### EXERCISE
In the records below, find the line containing "4329 - (ذكاة" and the line containing "Nitrosobenzene undergoes Diels–Alder". Give again exactly those lines and every line between them, omitting the pictures.

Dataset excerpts
'''

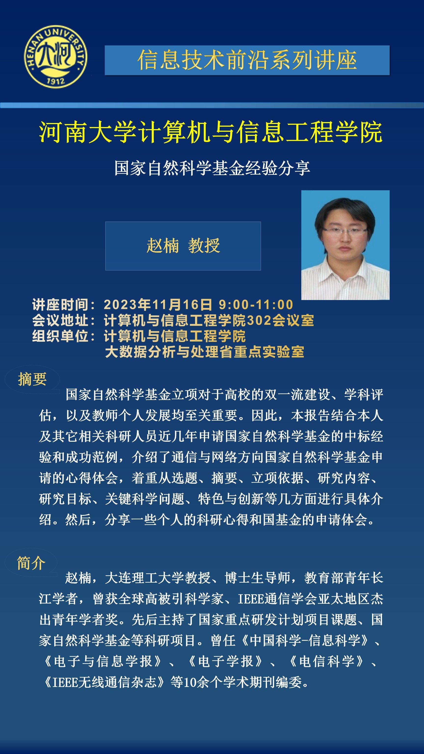 赵楠:国家自然科学基金经验分享(时间:2023年11月16日)
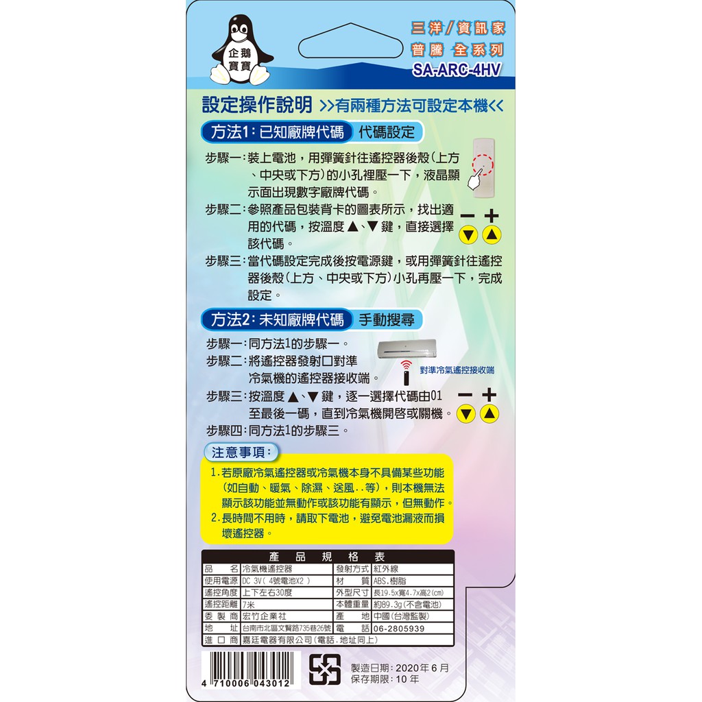 【企鵝寶寶】三洋-普騰-資訊家冷氣機遙控器 SA-ARC-4HV
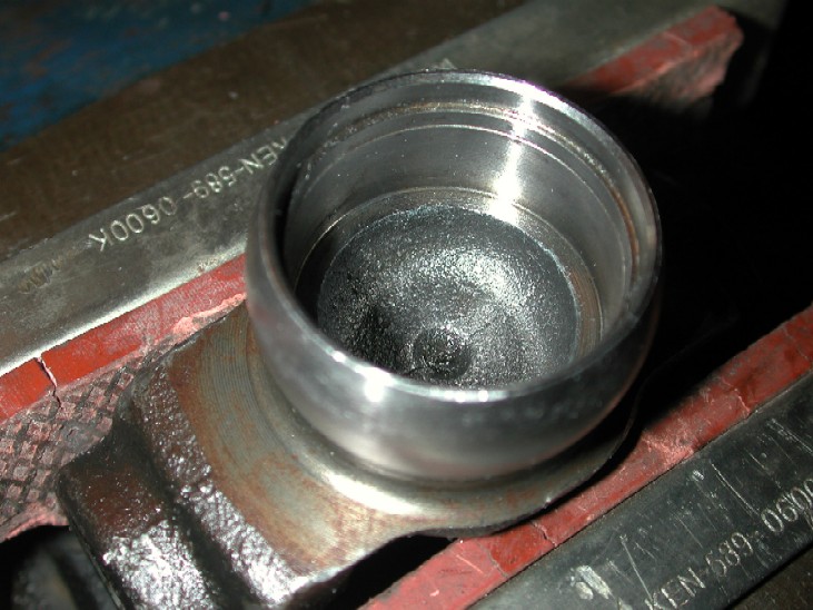 The tool made it so easy that it was a VERY worth while purchase !! I then cleaned all the old grease from the bearing housing in the prop yoke, and re-packed it with new grease ready for the new bearing. I filled up the "un-machined" area you can see below with new grease.
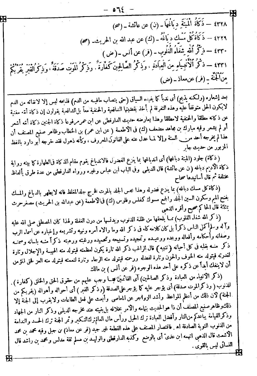 4329 - (ذكاة كل مسك دباغه) بما ينزع فضوله وهذا نجس الجلد بالموت فخرج جلد المغلظ فإنه لا يطهر بالدباغ والمسك بفتح الميم وسكون السين الجلد والجمع مسوك كفلس وفلوس
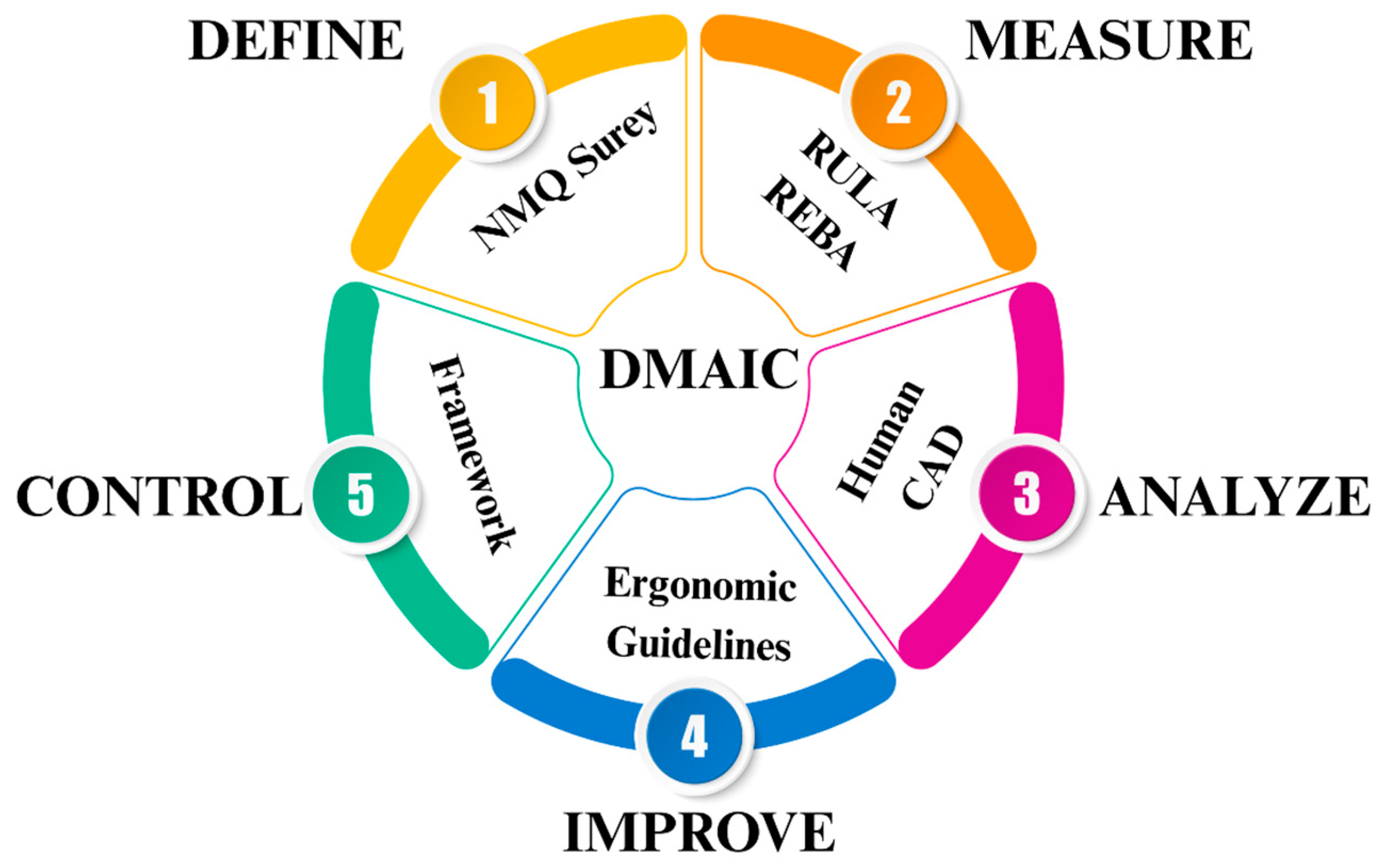 17]. Structured problem-solving approaches like the DMAIC methodology from Six Sigma are further employed to define, measure, analyze, improve, and control processes for continuous ergonomic optimization [
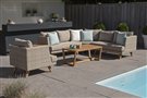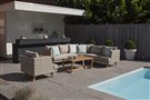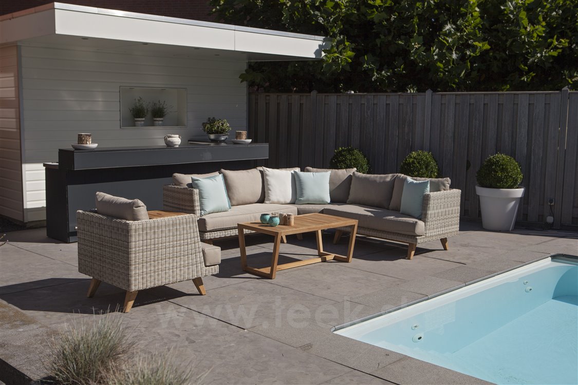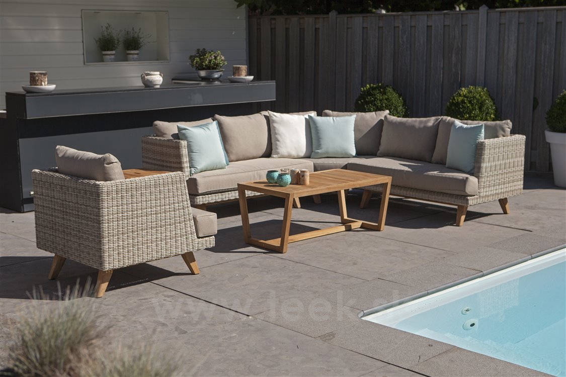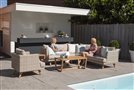 Nízké zahradní křeslo z umělého ratanu Arosa značky Persoon. Relaxační křeslo má konstrukci z umělého ratanu a nohy z teakového dřeva. Sedáky křesla jsou z venkovní akrylové látky Sunbrella s výplní z rychleschnoucí pěny. Díky tomu může křeslo zůstat celoročně venku i se sedáky, bez nutnosti chrátnit je před deštěm.
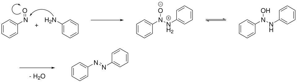 Nitrosobenzene undergoes Diels–Alder reactions with dienes.[8] Condensation with anilines affords azobenzene derivatives in a reaction known as the Mills reaction or Baeyer-Mills reaction.[9] Reduction of nitrosobenzene produces aniline.
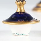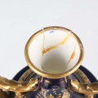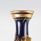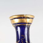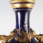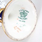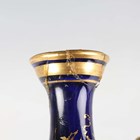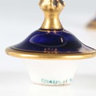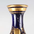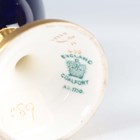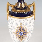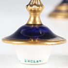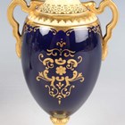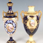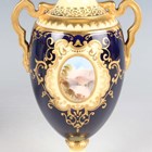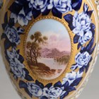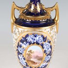 A Coalport porcelain two-handled vase, early 20th century, painted with an oval panel of a mountainous waterside view within a cream and gilt frame against a cobalt blue ground detailed with further foliate gilt scrollwork, cream glazed neck and foot, flanked by gilt angular handles, green printed and gilt painted marks to base, height 15.5cm, together with a Coalport two-handled vase and cover, early 20th century, painted with an oval landscape panel within a frame of blue printed roses against a printed flowerhead ground, height 18cm (neck repaired).
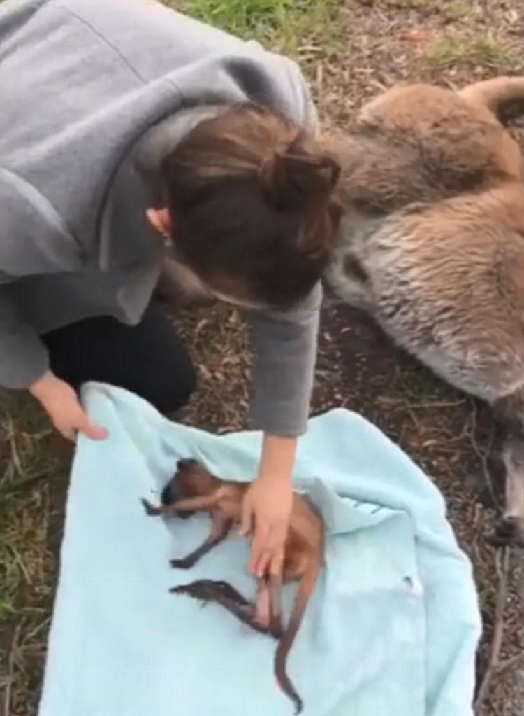 A heartwarming video shows the moment an Australian woman rescues a baby kangaroo from the pouch of its dead mother.
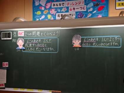 「2つの問題をくらべよう」似ているようで違っているね。それぞれの問題を図で表して考えてみよう。
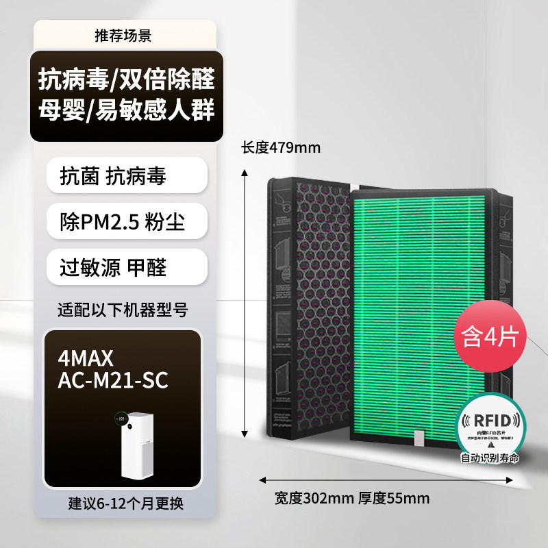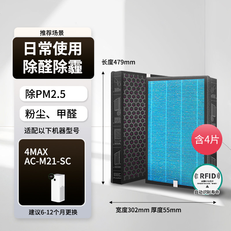 霓鸣适配小米空气净化器滤芯4MAX/MAX/X米家过滤网除甲醛AC-M5-SC
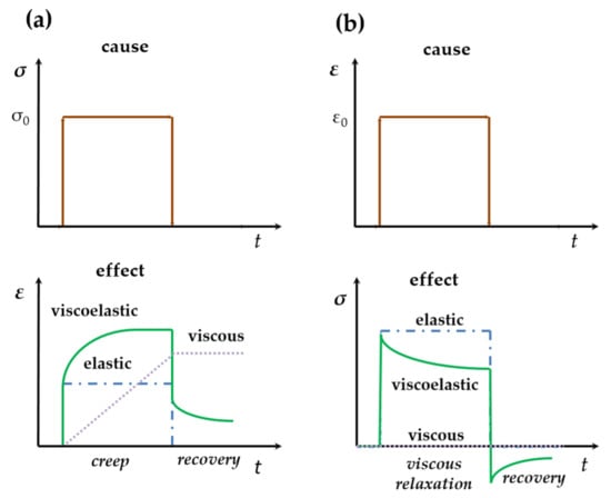 where the second term corresponds to viscous stress which is here associated with local rotation [54]. Typical phenomena of viscoelasticity are stress relaxation (a step constant strain results in decreasing stress), creep (a step constant stress results in increasing strain), and hysteresis (a phase lag in stress-strain relation). The response to stress (strain) of elastic, viscous and viscoelastic materials are drawn schematically in Figure 2, for the purpose of comparison.

'''

### WRITTEN SOLUTION
 4329 - (ذكاة كل مسك دباغه) بما ينزع فضوله وهذا نجس الجلد بالموت فخرج جلد المغلظ فإنه لا يطهر بالدباغ والمسك بفتح الميم وسكون السين الجلد والجمع مسوك كفلس وفلوس
 17]. Structured problem-solving approaches like the DMAIC methodology from Six Sigma are further employed to define, measure, analyze, improve, and control processes for continuous ergonomic optimization [
 Nízké zahradní křeslo z umělého ratanu Arosa značky Persoon. Relaxační křeslo má konstrukci z umělého ratanu a nohy z teakového dřeva. Sedáky křesla jsou z venkovní akrylové látky Sunbrella s výplní z rychleschnoucí pěny. Díky tomu může křeslo zůstat celoročně venku i se sedáky, bez nutnosti chrátnit je před deštěm.
 Nitrosobenzene undergoes Diels–Alder reactions with dienes.[8] Condensation with anilines affords azobenzene derivatives in a reaction known as the Mills reaction or Baeyer-Mills reaction.[9] Reduction of nitrosobenzene produces aniline.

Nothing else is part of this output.